▶ [Work instructions] Only the lines in the entries below from the line with "Lækker strik fra" to the line with "Πανωφόρι αντιανεμικό μονόχρωμο", both included, belong in the answer, transcribed exactly and without pictures.

*** Opening of Dataset records ***

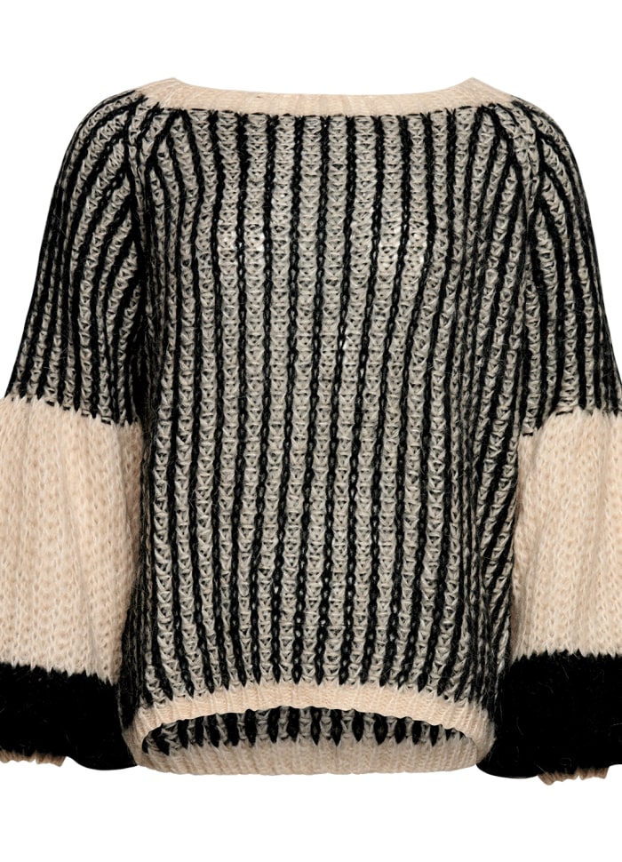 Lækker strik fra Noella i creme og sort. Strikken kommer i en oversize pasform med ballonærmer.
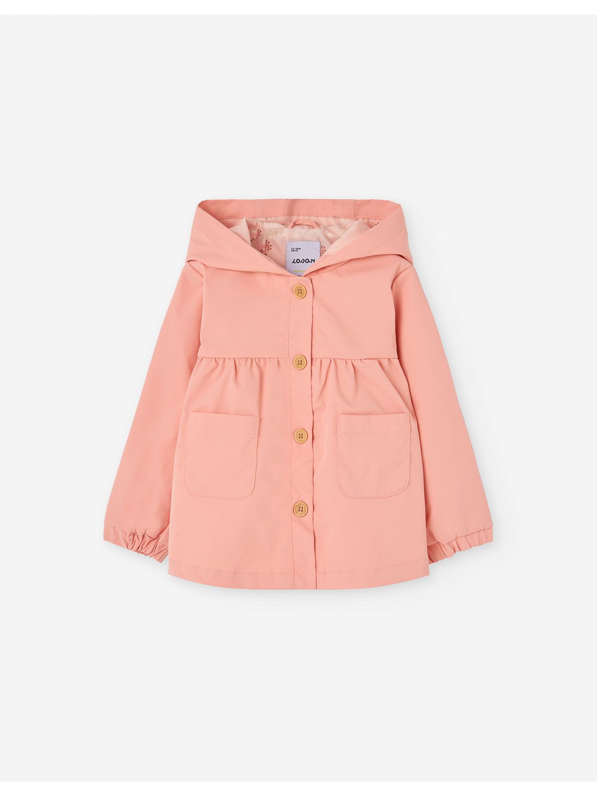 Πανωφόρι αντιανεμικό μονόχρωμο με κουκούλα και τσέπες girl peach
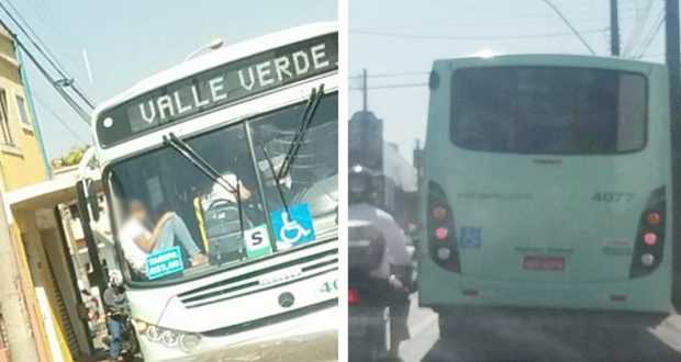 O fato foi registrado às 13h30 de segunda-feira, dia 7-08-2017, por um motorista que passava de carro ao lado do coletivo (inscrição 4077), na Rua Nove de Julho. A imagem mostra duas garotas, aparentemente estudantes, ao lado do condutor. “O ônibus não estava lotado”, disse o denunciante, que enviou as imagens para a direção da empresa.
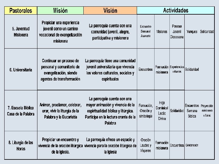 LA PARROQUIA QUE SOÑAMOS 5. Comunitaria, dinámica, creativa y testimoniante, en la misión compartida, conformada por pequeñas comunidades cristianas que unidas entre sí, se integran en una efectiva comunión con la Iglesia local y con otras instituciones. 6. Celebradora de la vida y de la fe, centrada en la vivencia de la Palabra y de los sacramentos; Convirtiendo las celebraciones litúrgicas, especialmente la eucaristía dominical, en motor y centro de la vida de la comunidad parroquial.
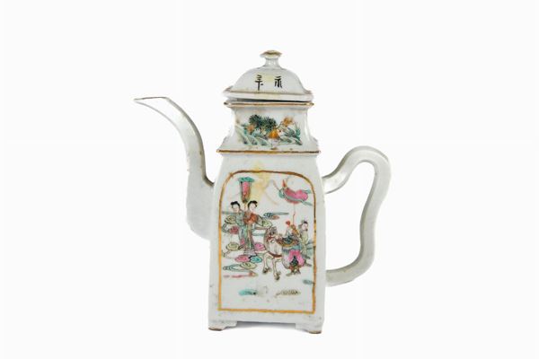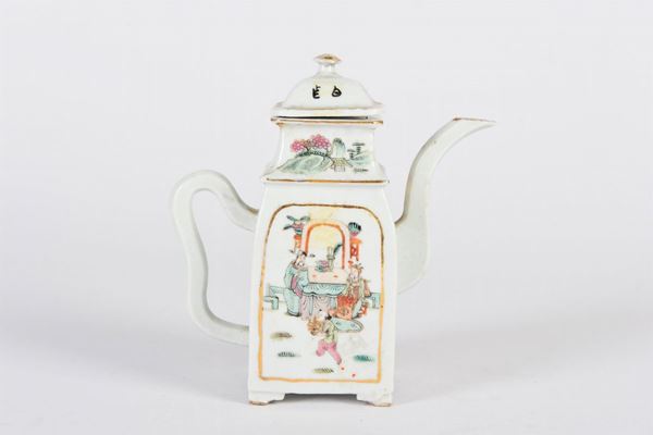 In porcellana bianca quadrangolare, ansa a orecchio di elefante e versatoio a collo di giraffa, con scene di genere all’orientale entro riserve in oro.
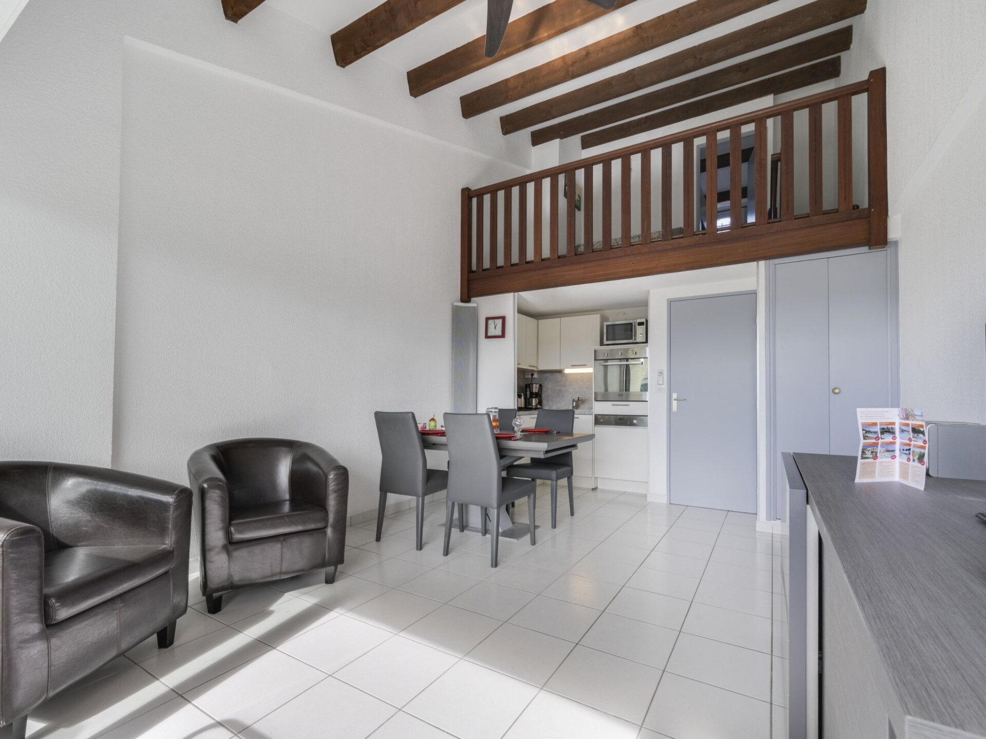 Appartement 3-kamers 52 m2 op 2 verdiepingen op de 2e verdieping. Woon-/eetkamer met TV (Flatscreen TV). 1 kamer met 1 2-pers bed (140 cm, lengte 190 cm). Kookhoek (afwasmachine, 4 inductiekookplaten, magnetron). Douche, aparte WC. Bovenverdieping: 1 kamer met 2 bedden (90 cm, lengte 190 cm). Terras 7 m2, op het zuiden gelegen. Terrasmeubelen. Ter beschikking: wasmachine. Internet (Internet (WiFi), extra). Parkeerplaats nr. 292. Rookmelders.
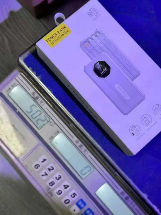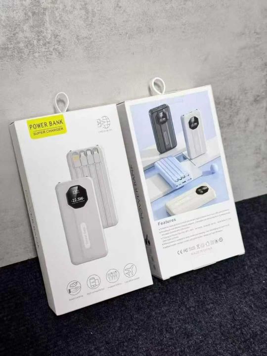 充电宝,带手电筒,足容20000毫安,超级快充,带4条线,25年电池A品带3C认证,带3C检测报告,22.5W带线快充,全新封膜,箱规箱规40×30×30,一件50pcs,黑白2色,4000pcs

*** Close of Dataset records ***
*** Opening of Dataset records ***

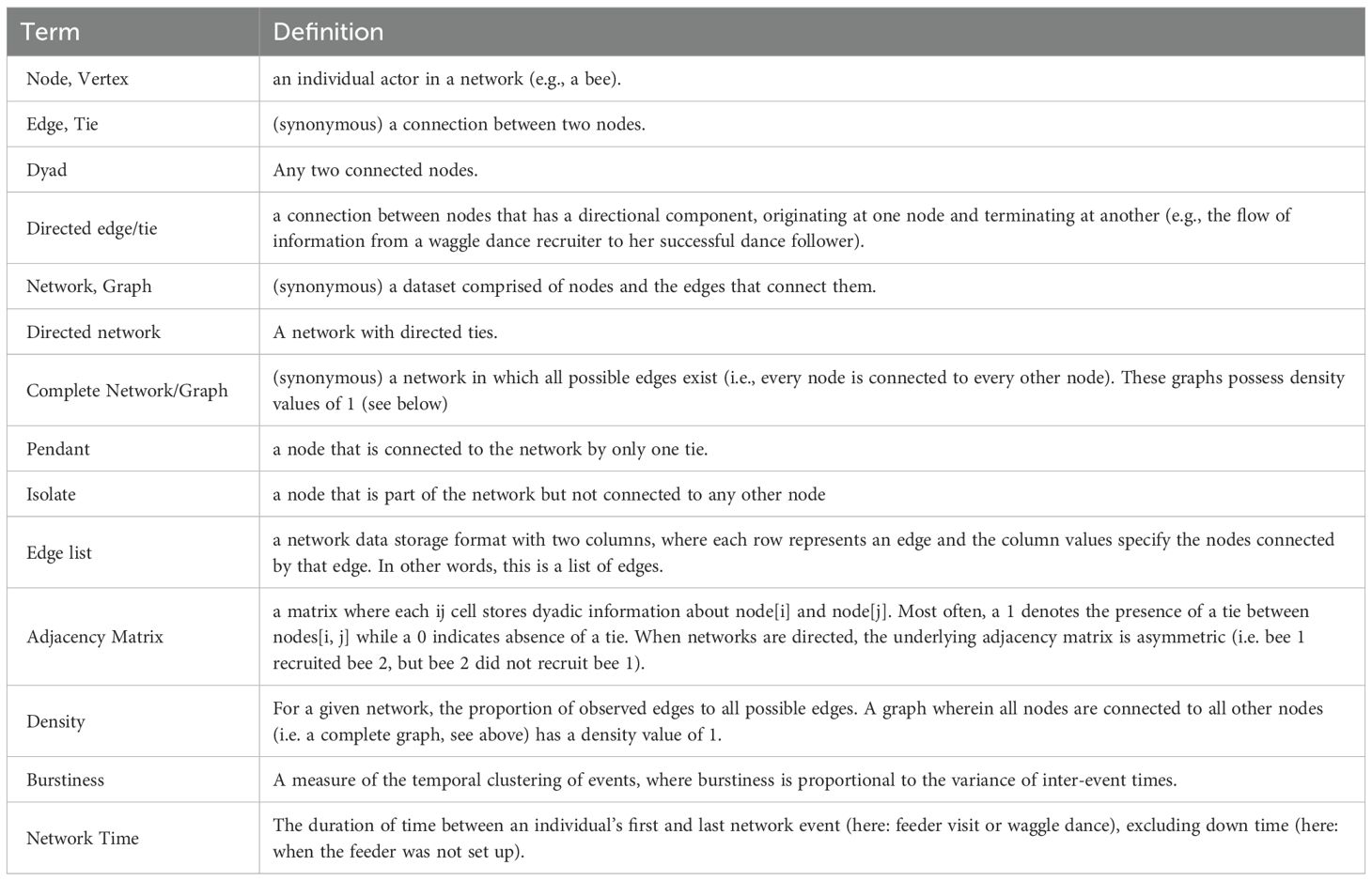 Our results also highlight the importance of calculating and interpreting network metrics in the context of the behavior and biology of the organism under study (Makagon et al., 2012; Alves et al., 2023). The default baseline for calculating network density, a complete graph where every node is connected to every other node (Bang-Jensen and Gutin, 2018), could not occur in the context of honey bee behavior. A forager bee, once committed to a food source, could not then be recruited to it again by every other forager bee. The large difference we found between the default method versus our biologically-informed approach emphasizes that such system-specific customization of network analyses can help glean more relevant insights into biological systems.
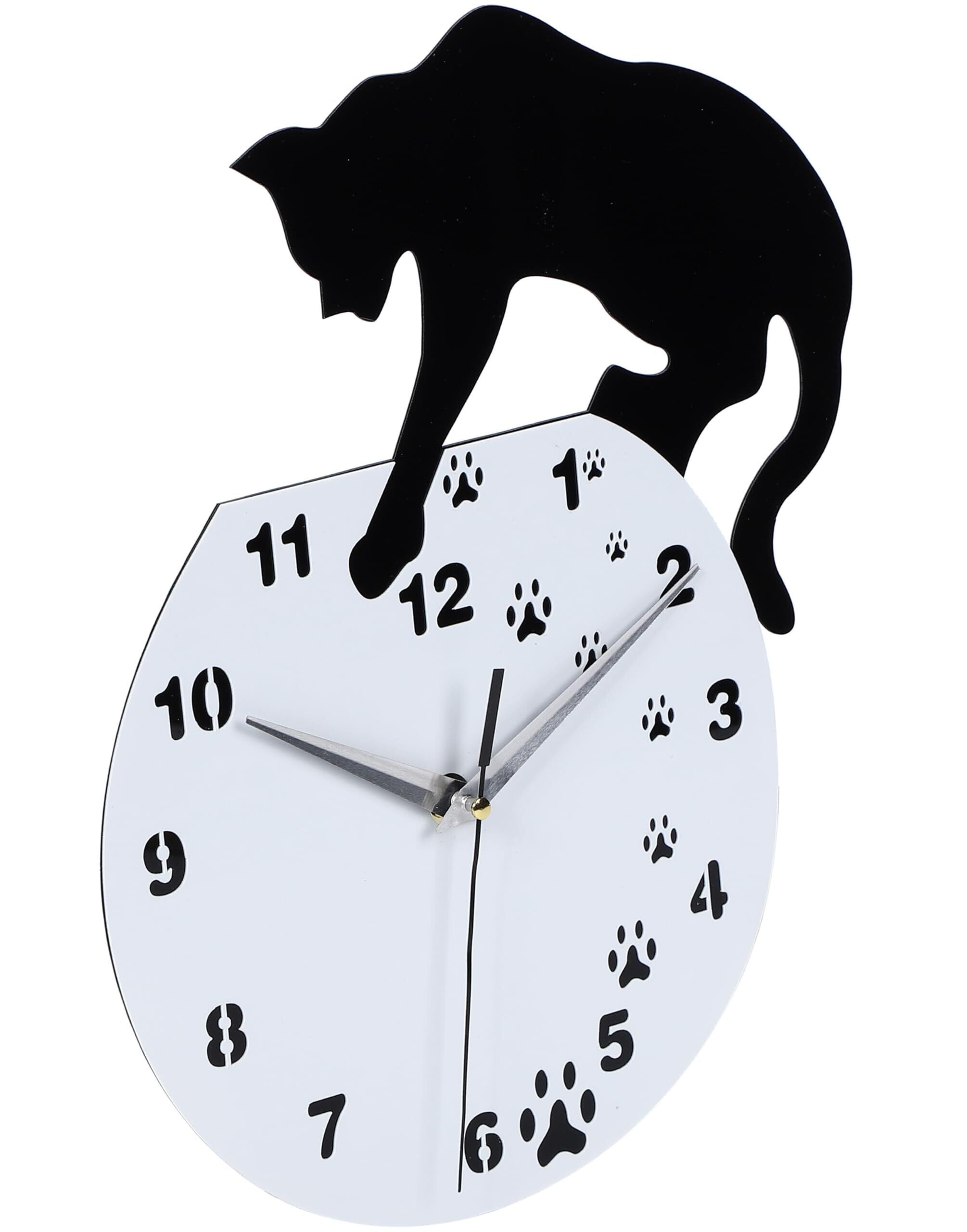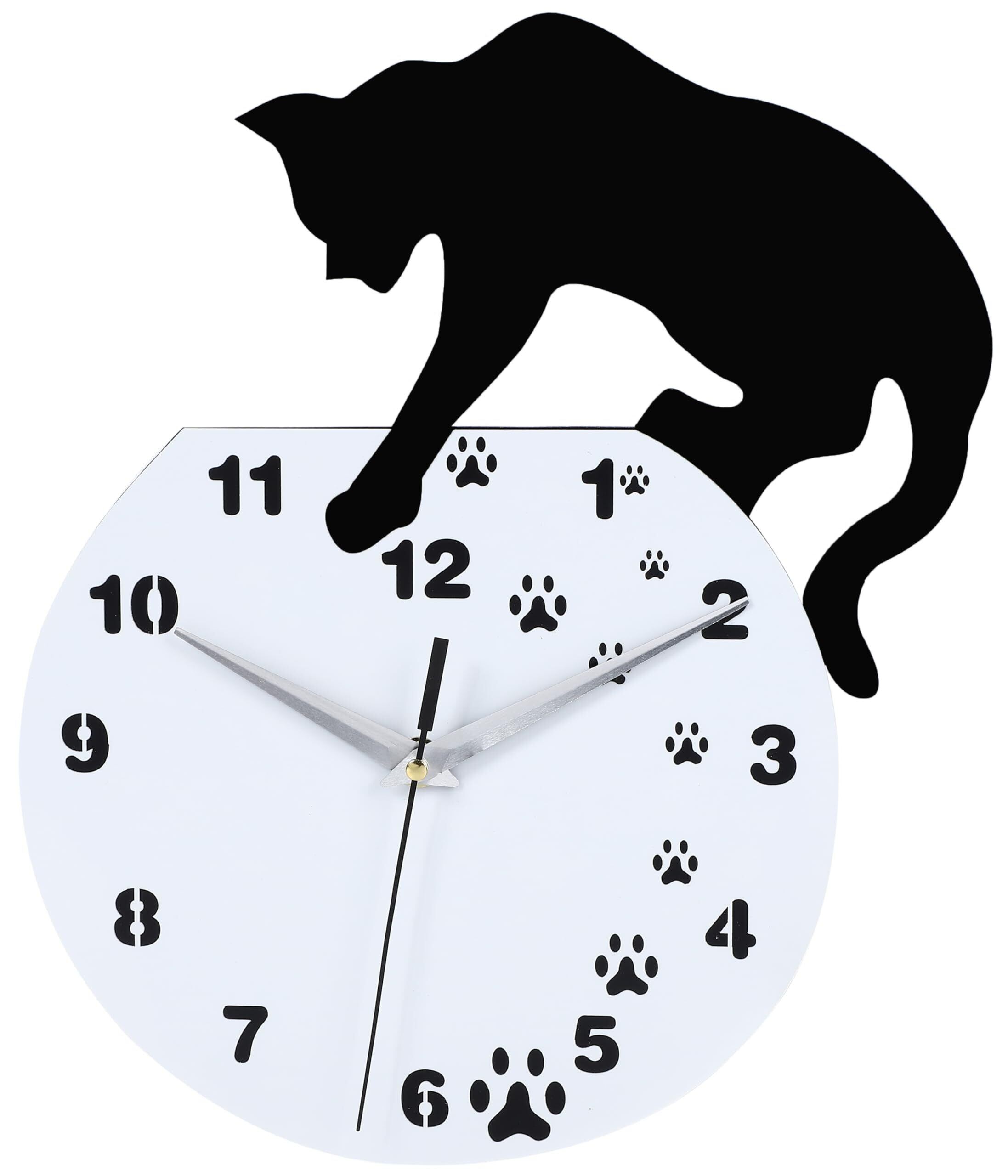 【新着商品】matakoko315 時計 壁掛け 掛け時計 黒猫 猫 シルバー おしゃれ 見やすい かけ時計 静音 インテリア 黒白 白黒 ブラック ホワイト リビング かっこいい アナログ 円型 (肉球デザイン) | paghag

*** Close of Dataset records ***

▶ [Output of the exercise]
 Lækker strik fra Noella i creme og sort. Strikken kommer i en oversize pasform med ballonærmer.
 Πανωφόρι αντιανεμικό μονόχρωμο με κουκούλα και τσέπες girl peach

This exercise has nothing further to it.